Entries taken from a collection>
────────

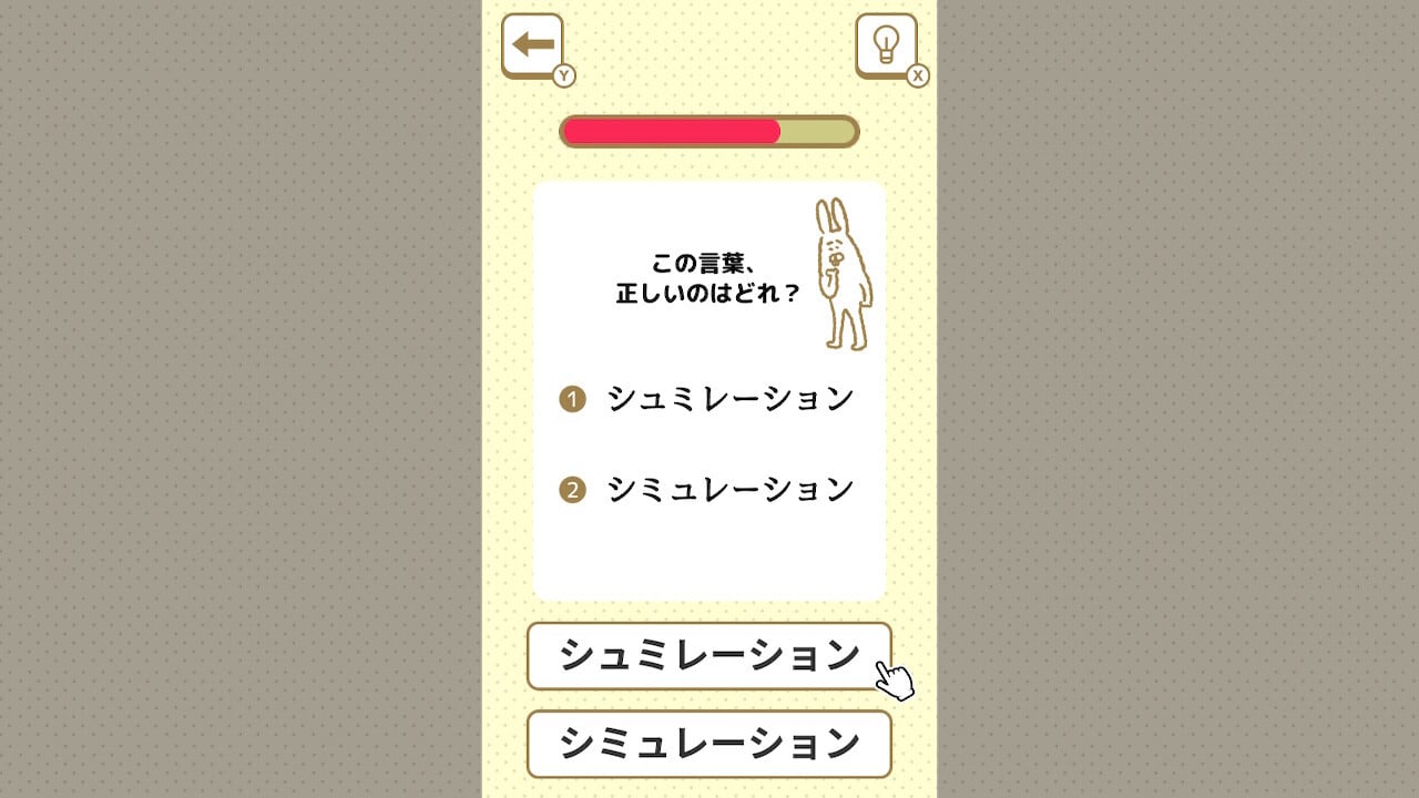 本作は、間違えやすい日本語を2択で答えていくクイズ形式の脳トレゲームです。
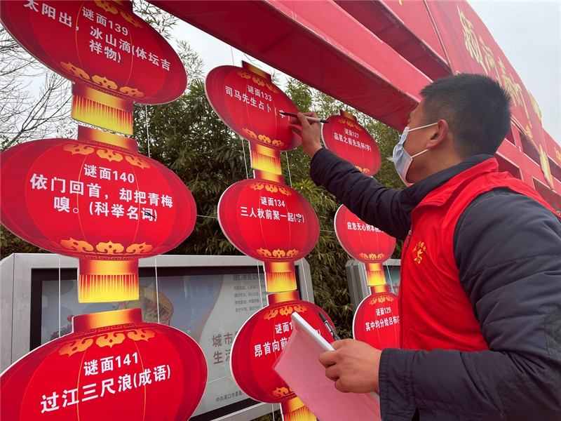 “阿姨您好!148號燈謎的謎底是‘香皂’?!?月15日,在周口市文化藝術(shù)中心西廣場,正在舉行“潁河春燈——元宵燈謎猜猜猜”活動?!拔易钕矚g猜燈謎了,猜對以后我還能拿到一個玩具小飛機,真開心!”說話的這個小男孩姓汪,今年8歲,在今天這場猜燈謎活動中,他是第一位給出正確答案的參與者。
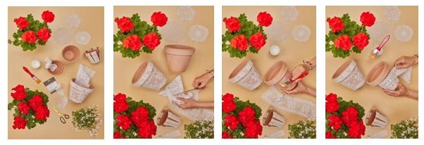 Pelargonije so osupljive rastline. Navadni glineni lončki njihove lepote preprosto ne poudarijo dovolj. Na srečo lahko to spremenite z le nekaj truda. Nostalgični čipkasti detajli dajejo tem predelanim sadilnikom očarljiv vintage videz. So zelo preprosti za izdelavo in lahko pelargonije spremenijo v fantastično dekoracijo in personalizirana cvetlična darila.
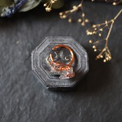 初めはピンクゴールドに似た色味ですが、空気中の酸素・水分・人間の汗や皮脂にって経年変化し、使い込んだアンティークのような質感に変化していきます。変化が気になる場合は、アクセサリー用の磨き布、金属磨き液などを使えば、輝きが蘇ります。経年変化も味わいながらお楽しみいただければ何よりです。
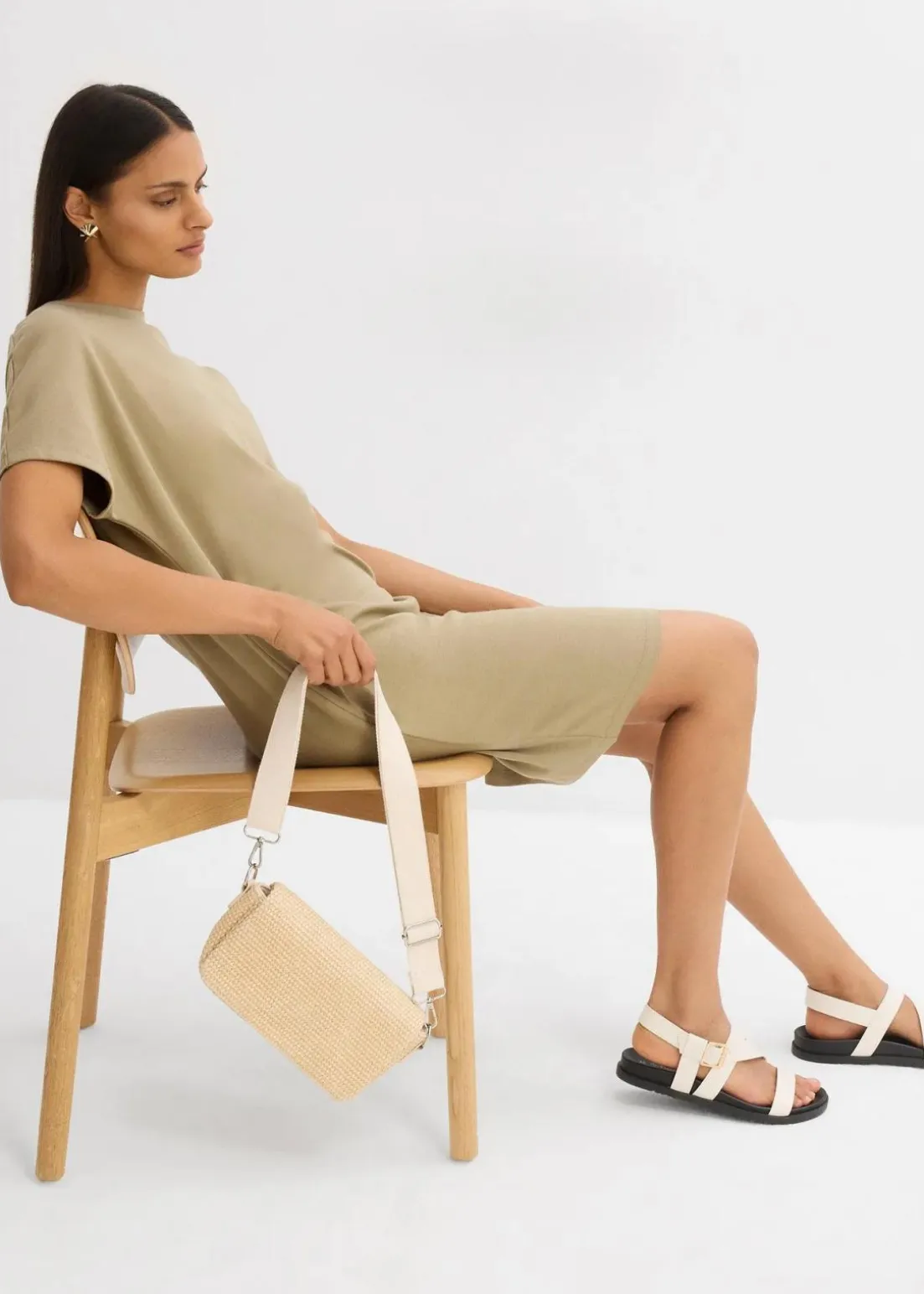 T-Shirtkleid mit Fledermausärmeln und Teilungsnähten vorne

────────

TASK INSTRUCTIONS>
The copy should hold exactly the lines from the line containing "Pelargonije so osupljive" through the end of the data, both ends included, and no pictures.

RESPONSE AREA>
 Pelargonije so osupljive rastline. Navadni glineni lončki njihove lepote preprosto ne poudarijo dovolj. Na srečo lahko to spremenite z le nekaj truda. Nostalgični čipkasti detajli dajejo tem predelanim sadilnikom očarljiv vintage videz. So zelo preprosti za izdelavo in lahko pelargonije spremenijo v fantastično dekoracijo in personalizirana cvetlična darila.
 初めはピンクゴールドに似た色味ですが、空気中の酸素・水分・人間の汗や皮脂にって経年変化し、使い込んだアンティークのような質感に変化していきます。変化が気になる場合は、アクセサリー用の磨き布、金属磨き液などを使えば、輝きが蘇ります。経年変化も味わいながらお楽しみいただければ何よりです。
 T-Shirtkleid mit Fledermausärmeln und Teilungsnähten vorne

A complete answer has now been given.